_Extracted data:_
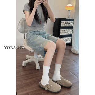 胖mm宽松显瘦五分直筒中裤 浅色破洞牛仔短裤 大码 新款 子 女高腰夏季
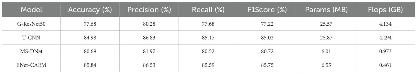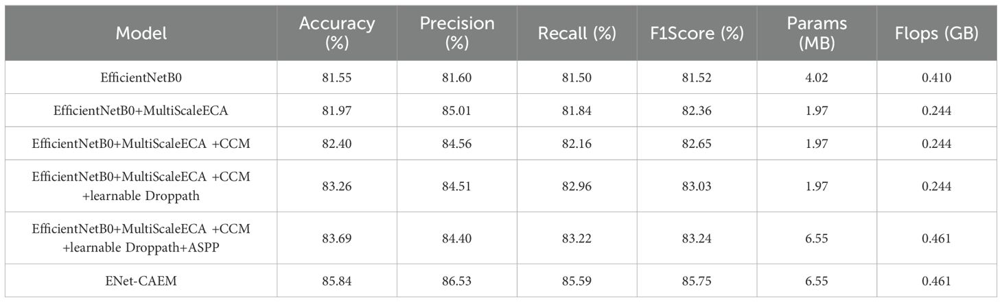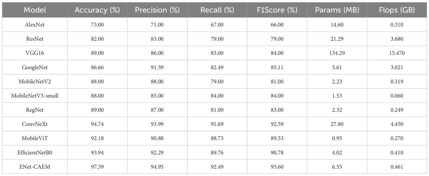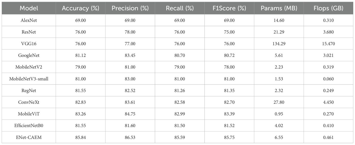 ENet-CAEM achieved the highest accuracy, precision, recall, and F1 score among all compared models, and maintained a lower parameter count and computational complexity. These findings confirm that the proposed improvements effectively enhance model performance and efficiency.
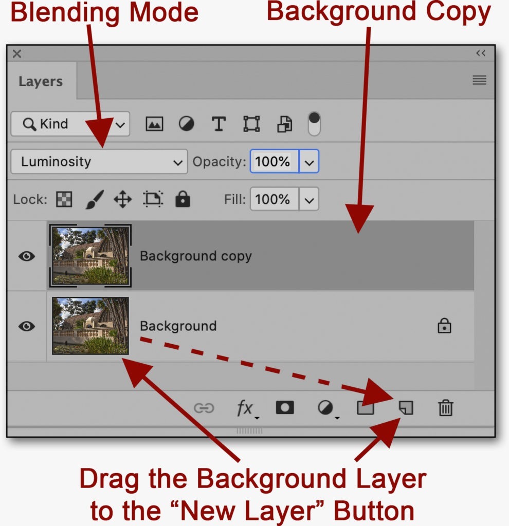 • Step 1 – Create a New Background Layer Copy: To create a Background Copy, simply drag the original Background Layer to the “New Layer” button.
--
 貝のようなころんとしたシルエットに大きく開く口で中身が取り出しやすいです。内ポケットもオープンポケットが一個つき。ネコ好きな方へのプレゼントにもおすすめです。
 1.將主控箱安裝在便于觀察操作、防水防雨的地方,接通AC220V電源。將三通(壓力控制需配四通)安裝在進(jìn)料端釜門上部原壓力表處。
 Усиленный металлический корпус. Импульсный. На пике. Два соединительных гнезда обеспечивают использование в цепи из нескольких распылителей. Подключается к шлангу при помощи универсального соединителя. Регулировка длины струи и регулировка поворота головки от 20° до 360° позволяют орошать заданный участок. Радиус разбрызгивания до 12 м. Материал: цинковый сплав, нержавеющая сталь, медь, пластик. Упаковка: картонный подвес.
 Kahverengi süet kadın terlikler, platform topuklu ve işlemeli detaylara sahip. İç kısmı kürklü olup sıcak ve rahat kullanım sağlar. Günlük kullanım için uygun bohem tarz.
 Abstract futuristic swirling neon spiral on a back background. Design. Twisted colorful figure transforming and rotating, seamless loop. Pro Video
==
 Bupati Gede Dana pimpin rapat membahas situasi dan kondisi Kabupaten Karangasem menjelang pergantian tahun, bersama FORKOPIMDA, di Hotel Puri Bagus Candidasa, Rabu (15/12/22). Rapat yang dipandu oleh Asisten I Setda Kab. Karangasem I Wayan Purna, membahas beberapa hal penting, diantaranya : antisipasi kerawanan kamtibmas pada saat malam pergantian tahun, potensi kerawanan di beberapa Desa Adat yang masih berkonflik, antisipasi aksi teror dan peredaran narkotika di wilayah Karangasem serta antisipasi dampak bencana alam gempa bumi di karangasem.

_Problem to work on:_
From the records above, quote word for word only the lines beginning at the line that has "胖mm宽松显瘦五分直筒中裤 浅色破洞牛仔短裤 大码 新款 子 女高腰夏季" and stopping after the line that has "Create a New". Omit the pictures.

_Finished task:_
 胖mm宽松显瘦五分直筒中裤 浅色破洞牛仔短裤 大码 新款 子 女高腰夏季
 ENet-CAEM achieved the highest accuracy, precision, recall, and F1 score among all compared models, and maintained a lower parameter count and computational complexity. These findings confirm that the proposed improvements effectively enhance model performance and efficiency.
 • Step 1 – Create a New Background Layer Copy: To create a Background Copy, simply drag the original Background Layer to the “New Layer” button.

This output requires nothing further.